#### Work request:
Pictures appear among the records below and must be omitted. Repeat exactly the lines from the line with "Vela aromatica de" to the line with "Wolfgang Amadeus Mozart[a]", both included.

#### Provided entries:
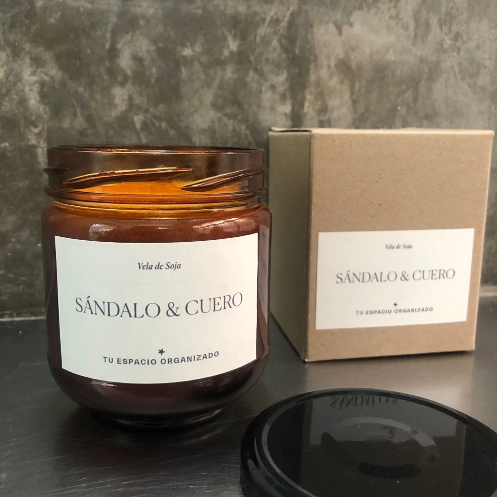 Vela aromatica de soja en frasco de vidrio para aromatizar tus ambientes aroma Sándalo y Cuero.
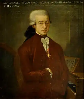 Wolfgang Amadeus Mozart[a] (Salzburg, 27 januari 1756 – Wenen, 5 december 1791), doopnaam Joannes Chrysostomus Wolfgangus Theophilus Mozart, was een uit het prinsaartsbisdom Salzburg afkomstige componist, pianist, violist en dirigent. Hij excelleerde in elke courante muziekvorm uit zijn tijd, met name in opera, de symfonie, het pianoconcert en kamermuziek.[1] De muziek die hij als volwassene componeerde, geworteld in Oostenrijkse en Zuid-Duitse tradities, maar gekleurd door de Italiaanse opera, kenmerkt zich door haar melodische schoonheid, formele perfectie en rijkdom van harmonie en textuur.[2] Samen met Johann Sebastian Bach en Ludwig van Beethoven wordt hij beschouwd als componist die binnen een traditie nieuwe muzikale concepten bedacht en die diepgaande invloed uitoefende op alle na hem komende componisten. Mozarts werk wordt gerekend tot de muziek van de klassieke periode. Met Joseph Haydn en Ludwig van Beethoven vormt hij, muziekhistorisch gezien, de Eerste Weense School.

...

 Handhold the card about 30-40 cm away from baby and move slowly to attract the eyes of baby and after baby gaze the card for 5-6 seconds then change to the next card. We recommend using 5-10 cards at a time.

#### Reply:
 Vela aromatica de soja en frasco de vidrio para aromatizar tus ambientes aroma Sándalo y Cuero.
 Wolfgang Amadeus Mozart[a] (Salzburg, 27 januari 1756 – Wenen, 5 december 1791), doopnaam Joannes Chrysostomus Wolfgangus Theophilus Mozart, was een uit het prinsaartsbisdom Salzburg afkomstige componist, pianist, violist en dirigent. Hij excelleerde in elke courante muziekvorm uit zijn tijd, met name in opera, de symfonie, het pianoconcert en kamermuziek.[1] De muziek die hij als volwassene componeerde, geworteld in Oostenrijkse en Zuid-Duitse tradities, maar gekleurd door de Italiaanse opera, kenmerkt zich door haar melodische schoonheid, formele perfectie en rijkdom van harmonie en textuur.[2] Samen met Johann Sebastian Bach en Ludwig van Beethoven wordt hij beschouwd als componist die binnen een traditie nieuwe muzikale concepten bedacht en die diepgaande invloed uitoefende op alle na hem komende componisten. Mozarts werk wordt gerekend tot de muziek van de klassieke periode. Met Joseph Haydn en Ludwig van Beethoven vormt hij, muziekhistorisch gezien, de Eerste Weense School.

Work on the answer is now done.